Penulis adalah sekian dari jutaan warga Negara yang berharap Timnas mampu menjawab ekspektasi public. Menyempatkan waktu bersama teman untuk nonton bareng dengan ratusan warga kota Makassar di gedung Suzuki jalan A.p Pettarani. Di  tempat ini penulis dapat menyaksikan bagaimana Animo masyarakat terhadap sepak bola. Mulai dari anak-anak sampai orang tua, turut hadir untuk memberikan dukungan kepada Timnas. Dan yang membuat kami tersentuh adalah kehadiran dua ibu muda yang duduk pas di belakang kursi kami. Apa ada yang aneh dengan ibu muda tersebut? Sampai-sampai kami saling merunduk dan berbisik  kemudian melempar senyuman. Ya Ibu muda tersebut tengah hamil tua, ia rela berdesak-desakan, terlihat tenang walaupun keluar suara yang besar dari hiruk pikuk penonton dan  dari sound system yang besar. Mungkin terlihat biasa bagi orang lain, tapi bagi penulis justru mengannggap itu sebagai sebuah fenomena yang luar biasa.
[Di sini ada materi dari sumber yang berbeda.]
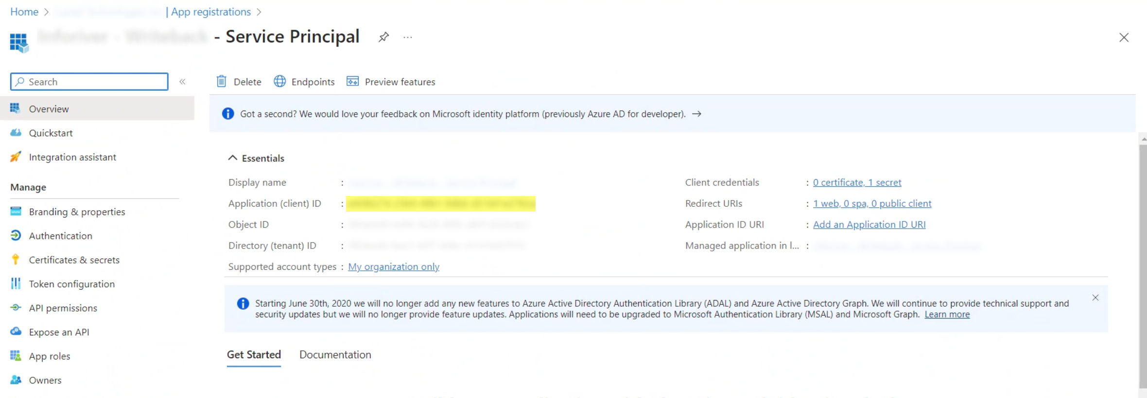 #### Fetching the Service Principal Client ID and Service Principal Client Secret
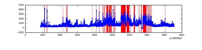 Red curve is a Poisson curve with rate = median count rate of data. |
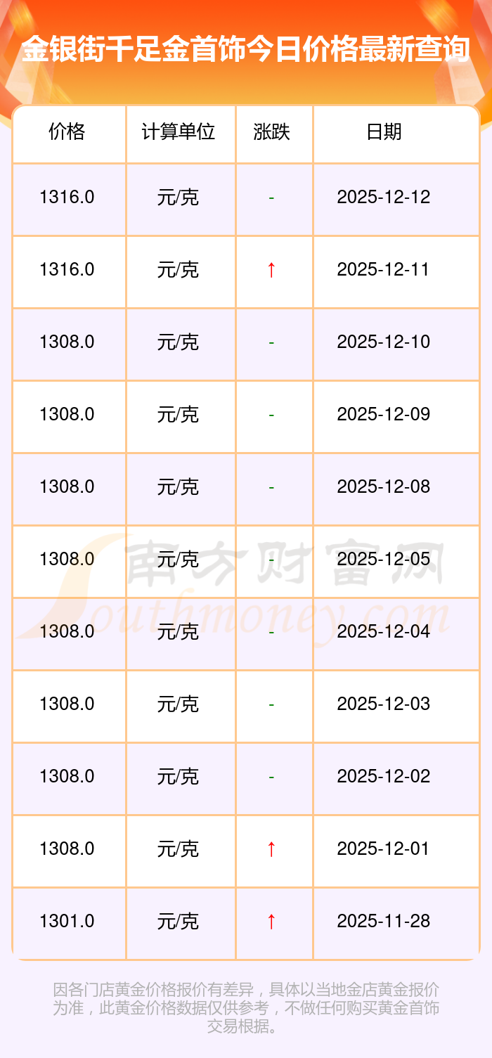 今日(2025年12月13日),金银街千足金首饰价格:1316.0元/克。

Ibu muda itu juga terlihat antusias menyaksikan pertandingan, dengan beragam ekspresi apalagi saat Timnas sudah ketinggalan dua gol, Ia diam dengan tatapan mata yang sayu. Sekali-sekali terlihat setengah berteriak ketika Indonesia mendapatkan peluang untuk mencetak gol, ia larut dalam atmosfer pertandingan. Menyaksikan pemandangan itu saya bergumam dalam hati “Mudah-mudahan saja dari rahim ibu muda ini akan lahir generasi emas sepak bola Indonesia”.
Dari cerita di atas penulis melihat asosiasi antara sepak bola dan rasa nasionalisme sangat erat. Sepak bola bisa menjadi sebuah pilar untuk membangun sebuah ego kebangsaan. Nasionalisme yang dimaknai sebagai paham (ajaran) untuk mencintai bangsa dan negara sendiri, sifat kenasionalan, “makin menjiwai bangsa Indonesia”. Dengungan lagu Indonesia raya yang bergemuruh sebelum pertandingan Sepak bola tidak hanya sekadar seremoni sebelum pertandingan di mulai. Tetapi ada makna yang harus di gali secara filosofis, bahwa Indonesia ini adalah sebuah bangsa yang besar. Kita tidak akan membiarkan Bangsa lain untuk menginjak-injak harkat dan martabat Indonesia sebagai bangsa yang besar. Ego kebangsaan itu diperlukan untuk menunjukkan bahwa kita ini punya identitas, kesamaan pandangan hidup, senasib sepenanggungan. Bukankah kita ini memang diciptakan berbangsa-bangsa supaya saling mengenal satu sama lain?. Jadi semestinya kita harus belajar dari si kulit bundar untuk memupuk rasa nasionalisme.